"""Finds CD8 T-cell epitopes in influenza nucleoprotein.

Finds epitopes from two sources:
(1) Parses the epitopes from NetCTLpan, and counts as epitopes
those with sufficiently high ransk.
(2) Parses data from the Immune Epitope Database and maps
it to the NP sequence.

Text files are generated summarizing the epitopes from
these two sources. 

Plots are then generated showing the density of epitopes
along the protein sequence, along with mutations from the
1968 -> 2007 nucleoprotein trajectory. Plots are also
generated showing the number of mutations at all sites that
change during the trajectory.

Written by Jesse Bloom, 2012."""


import os
import time
import random
import pylab
import matplotlib
import fasta
import align


def ReadImmuneEpitopeDatabase(infile, protnames, protseqfile, musclepath, identity_cutoff, maxlength, redundant_length_cutoff):
    """Reads epitopes from clustered output of Immune Epitope Database.

    infile -> *.csv file output by Immune Epitope Database, with 
        with clustering performed at 90% identity level.
    protnames -> a list of names for the protein (Source Molecule 
        Name). We only consider epitopes that are indicated as
        having come from one of these names.
    protseqfile -> FASTA file containing the sequence of the protein
        sequence in which we are searching for epitopes. We search
        for epitopes in the first sequence listed in this file.
    musclepath -> path to the MUSCLE alignment program.
    identity_cutoff -> only consider epitopes that align to the protein
        sequence with at least this identity.
    maxlength -> we only consider epitope sequences of <= this length.

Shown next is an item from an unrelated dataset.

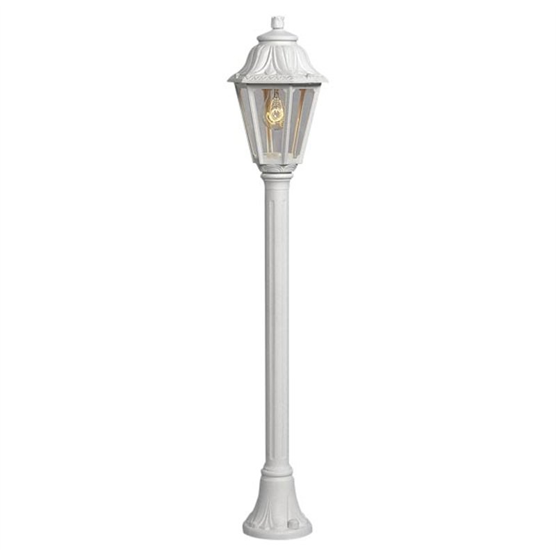 Stubni fenjer FUMAGALLI MIZZAR-ANNA WH je vintage,retro izgleda, šestougaonog je oblika i predviđen za spoljnu upotrebu. Ima standardno porcelansko sijalično grlo, tip grla E27, jačina sijalice je Max. 60W. Baštenski stubni fenjer FUMAGALLI MIKROLOT-ANNA WH je napravljen je od materijala otpornog na udarce, UV zrake, rđu i koroziju.. Pravo estetsko i funkcionalno rešenje za osvetljenje Vašeg dvorišta ili kućnog prilaza.

    For each cluster of epitopes, we look at all epitope sequences of
        length <= maxlength. They are aligned to the protein in protseqfile.
        If they align without creating any gaps, and if the identity of the
        alignment is >= identity_cutoff, then we consider them a possible match. 
        For each cluster, we save the match with the highest identity in
        the alignment. We then go through all of these matches, and look
        at the sequence in the protein that is aligned to the match. If two
        matches have >= redundant_length_cutoff of exact identity, then
        we save the shorter one.
    The returned variable is the list good_epitopes. Its entries
        are the tuples (identity, rstart, rend, epitope, "unknown")
        where identity is the identity of the eptiope, rstart and rend are 
        the beginning and end of the epitope in the protein
        (1, 2, 3, ... numbering), epitope is the epitope sequence
        in the protein (not in the database epitope), and 'unknown'
        corresponds to the fact that we do not know the MHC allele.'
    """
    lines = open(infile).readlines()[1 : ]
    clusters = {} # keyed by cluster names, entries are lists of epitopes
    for line in lines:
        entries = line.split(',')
        (cluster, epitope, protein) = (entries[0], entries[6], entries[10].replace('"', ''))
        if protein not in protnames:
            continue # not from the correct protein
        if cluster in clusters:
            clusters[cluster].append(epitope)
        else:
            clusters[cluster] = [epitope]
    protseq = fasta.Read(protseqfile)[0]
    good_epitopes = []
    for (cluster, epitopes) in clusters.iteritems():
        clustermatched = False # once matched, set to identity
        bestmatch = None
        for epitope in epitopes:
            if len(epitope) > maxlength:
                continue # epitope is too long
            a = align.Align([protseq, ('epitope', epitope)], musclepath, 'MUSCLE')
            if len(a[0][1]) != len(protseq[1]):
                continue # alignment creates gaps
            identities = align.PairwiseStatistics(a)[0]
            if identities > 0.8:
                if (not clustermatched) or (clustermatched and identities > clustermatched):
                    clustermatched = identities
                    bestmatch = epitope
                    rstart = a[1][1].index(epitope) + 1
                    rend = rstart + len(epitope) - 1
                    matchedepitope = protseq[1][rstart - 1 : rend]
        if clustermatched:
            good_epitopes.append((clustermatched, rstart, rend, matchedepitope, 'unknown'))
    # now remove epitopes according to redundant_length_cutoff
    decorated_list = [(len(tup[3]), tup) for tup in good_epitopes]
    decorated_list.sort()
    good_epitopes = [tup[1] for tup in decorated_list] # epitopes now sorted from shortest to longest
    cleaned_epitopes = []
    for tup in good_epitopes:
        keepepitope = True
        residues = [r for r in range(tup[1], tup[2] + 1)]
        for cleantup in cleaned_epitopes:
            cleanresidues = [r for r in range(cleantup[1], cleantup[2] + 1)]
            sharedresidues = [r for r in residues if r in cleanresidues]
            nshared = len(sharedresidues)
            if nshared > redundant_length_cutoff:
                keepepitope = False
        if keepepitope:
            cleaned_epitopes.append(tup)
    good_epitopes = cleaned_epitopes
    return good_epitopes


def ReadMHCPathway(indir, epitopelength, percent_cutoff):
    """Reads epitopes from MHC-Pathway output.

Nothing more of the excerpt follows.